## REQUIRED WORK
Please reproduce all of the data below exactly, leaving each picture out.
──────── GIVEN DATA ────────
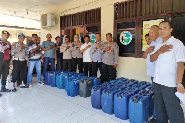 Aparat Polres Sikka, Nusa Tenggara Timur mengamankan ratusan liter minuman keras (Miras) tradisional, Kamis (8/12/2022). Miras yang diamankan berasal dari kabupaten tetangga dari Kabupaten Ngada.
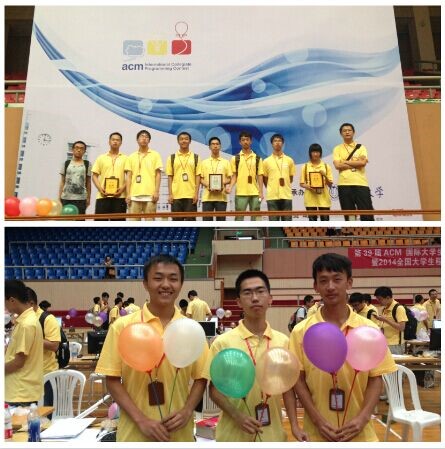 ACM國際大學生程序設計競賽上海程序設計邀請賽于2014年7月12日在上海大學舉行,北京理工大學生軟件科技創新創業基地派出3支隊伍參加上海賽區的邀請賽,其中本科2012級的劉明漢、秦歡、牛沖同學組成的“2Bpencil”隊伍在比賽中獲得銀牌的好成績!此外,由潘虹宇等組成的“akemi_Death_last”隊伍和朱翼等組成的“BIT_Yukiiiiii”隊分別獲得了銅牌的優秀成績。
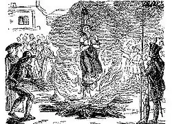Under English common law it was a petty treason until 1828, and until it was altered under the Treason Act 1790 the punishment was to be strangled and burnt at the stake.[3]
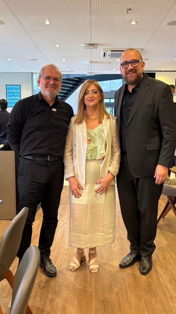 Na ocasião, Marcia Romano encontrou diversos parceiros e expositores da Flexo & Labels Expo 2026, que acontecerá de 26 a 29 de maio no Distrito Anhembi, em São Paulo. Entre eles, Ronnie Schröter, CEO da Etirama e anfitrião do evento, Rodrigo Narvaez (Maxcess Brasil), Orlando Esteves e Eduardo Livolis (Pack Trade), Pablo Baldizzoni (W do Brasil), Jefferson Marquesini Gastadelo (JMG), Tobias Meyer (Crown do Brasil), e Freddy Johann (Evolutech).
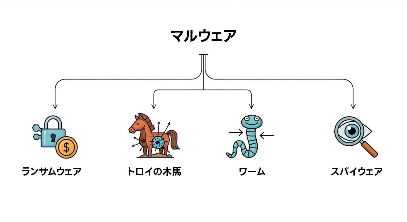 • マルウェア:悪意あるソフトウェアの総称(最上位概念)
────────
## RESPONSE
 Aparat Polres Sikka, Nusa Tenggara Timur mengamankan ratusan liter minuman keras (Miras) tradisional, Kamis (8/12/2022). Miras yang diamankan berasal dari kabupaten tetangga dari Kabupaten Ngada.
 ACM國際大學生程序設計競賽上海程序設計邀請賽于2014年7月12日在上海大學舉行,北京理工大學生軟件科技創新創業基地派出3支隊伍參加上海賽區的邀請賽,其中本科2012級的劉明漢、秦歡、牛沖同學組成的“2Bpencil”隊伍在比賽中獲得銀牌的好成績!此外,由潘虹宇等組成的“akemi_Death_last”隊伍和朱翼等組成的“BIT_Yukiiiiii”隊分別獲得了銅牌的優秀成績。
Under English common law it was a petty treason until 1828, and until it was altered under the Treason Act 1790 the punishment was to be strangled and burnt at the stake.[3]
 Na ocasião, Marcia Romano encontrou diversos parceiros e expositores da Flexo & Labels Expo 2026, que acontecerá de 26 a 29 de maio no Distrito Anhembi, em São Paulo. Entre eles, Ronnie Schröter, CEO da Etirama e anfitrião do evento, Rodrigo Narvaez (Maxcess Brasil), Orlando Esteves e Eduardo Livolis (Pack Trade), Pablo Baldizzoni (W do Brasil), Jefferson Marquesini Gastadelo (JMG), Tobias Meyer (Crown do Brasil), e Freddy Johann (Evolutech).
 • マルウェア:悪意あるソフトウェアの総称(最上位概念)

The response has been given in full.